Paranoia runs through all these fictions, but do they reflect a genuine popular pessimism about mankind’s future? Skinner detects a certain amount of fashionable gloom.
“At the individual level, one might note that the recent cinematic dystopias are for a reasonably young audience,” he says. “I doubt if many of this audience are overly concerned with genetic manipulation or sustainable technologies, but they do like to see a more anarchic social order where the rules, regulations and hierarchies - at the bottom of which they feel they are stuck - have been re-ordered. In these films, the whole oppressive-seeming nature of society is cast aside and there is room for the rebel, the individual, the unsophisticated or untutored to rise and be influential.”
Whether directors Ridley Scott ( Blade Runner and Alien ) or James Cameron ( Terminator and Aliens ) share such a bleak view of the 21st century is debatable. But they both know that dressing everyone in black leather and making wild with the mayhem is big box office. Since 2000, even that barometer of mainstream commercial taste Steven Spielberg, whose early glimpses of the future - Close Encounters and E.T. - were distinctly optimistic, has joined the gloom industry with A.I. and Minority Report . Meanwhile, Kurt Wimmer’s Equilibrium features Christian Bale as a kung fu-fighting Winston Smith figure whose martial-arts prowess blasts Big Brother away.

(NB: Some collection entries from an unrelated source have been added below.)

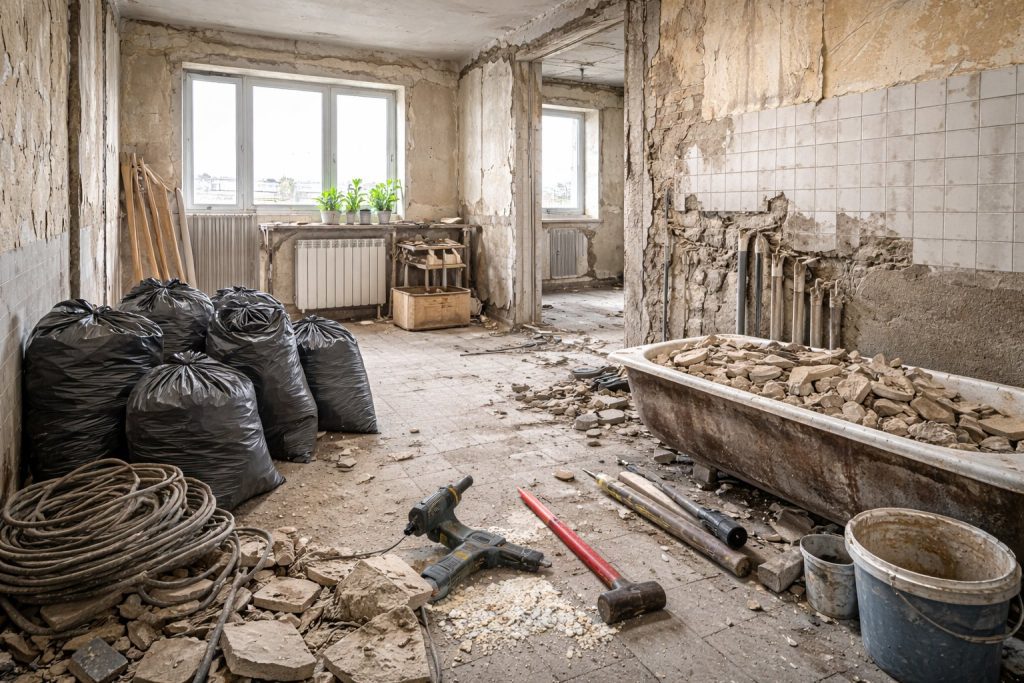 Перший етап — це повне звільнення приміщення. Необхідно утилізувати старі меблі, демонтувати підлогові покриття, зняти штукатурку, плитку та інші оздоблювальні матеріали. Окрему увагу слід приділити демонтажу старої електропроводки, водопровідних і каналізаційних труб, а також застарілого сантехнічного обладнання, яке не відповідає сучасним вимогам безпеки.
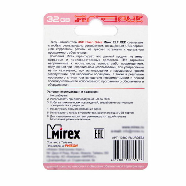 Флешка Mirex Elf Red 32 Гб usb 2.0 Flash Drive - красный
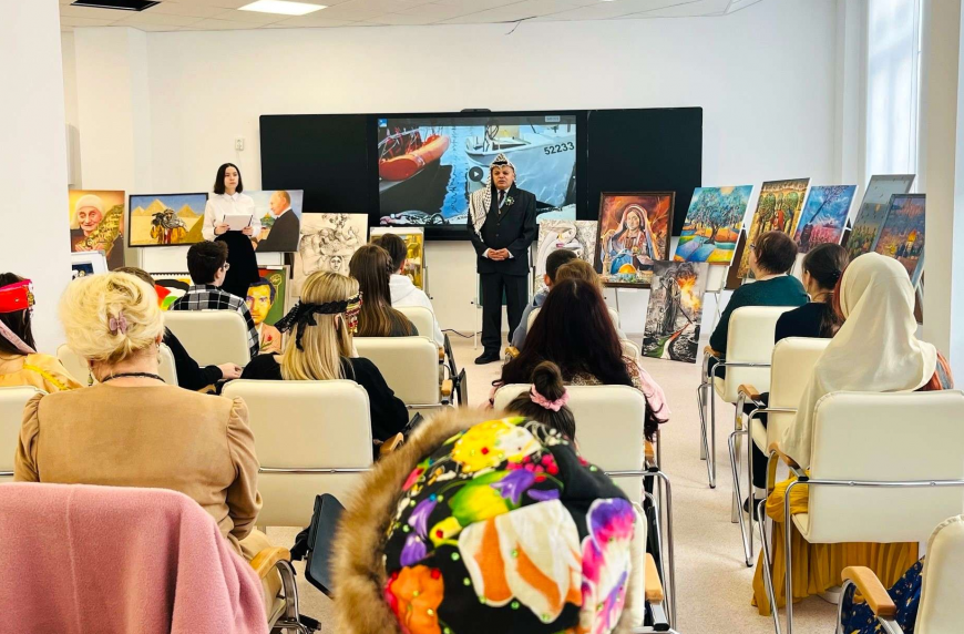 Затем с приветственным словом к участникам церемонии открытия обратилась учитель изобразительного искусства и черчения Наталья Петрова. Она также вручила руководителю регионального отделения Общества свою работу.
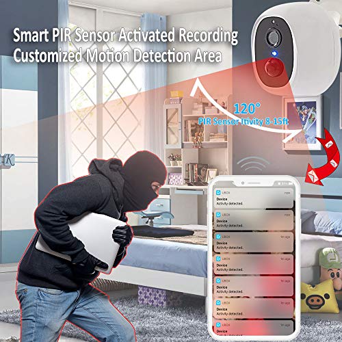 (1) 【Alimentazione a batteria e installazione semplice】: con la batteria ricaricabile da 5200 mAh, questa telecamera IP può funzionare da circa 1 a 3 mesi con un utilizzo normale (circa 5 minuti di registrazione ogni giorno). Con la telecamera di sorveglianza wireless con funzionamento a batteria, non è necessario posare alcun cavo ed è anche possibile evitare completamente di praticare fori attraverso una parete esterna.

So how gloomy is the long-term prognosis for fashionable dystopia? Milner is one of a number of academics who believe utopia is on its way back. “In the late 20th century, there was a real utopian revival, associated with anti-racism and the movement for gay rights, feminism, environmentalism and their reconciliation in eco-feminism,” he says. “It found significant aesthetic expression in the science fiction of writers such as Ursula Le Guin, Joanna Russ, Marge Piercy, Samuel Delaney and, more recently, Kim Stanley Robinson and Iain M. Banks.”
At Cambridge, Gareth Stedman Jones, professor of political science and director of the Centre for History and Economics, also believes that utopianism has not been vanquished. “There are various reasons, both good and meretricious, why the utopianisms of the 1790-1920 period broke down and were succeeded by an array of dystopian visions in the second half of the 20th century - mainly distrust of knowledge and science. But I see no reason why this should be our permanent state of mind.”
Nevertheless, there’s no doubt that for the moment dystopia continues to fascinate - and to photograph really well. Maybe in the end, we will have to tire of the black leather trousers before we revise our intellectual perspective.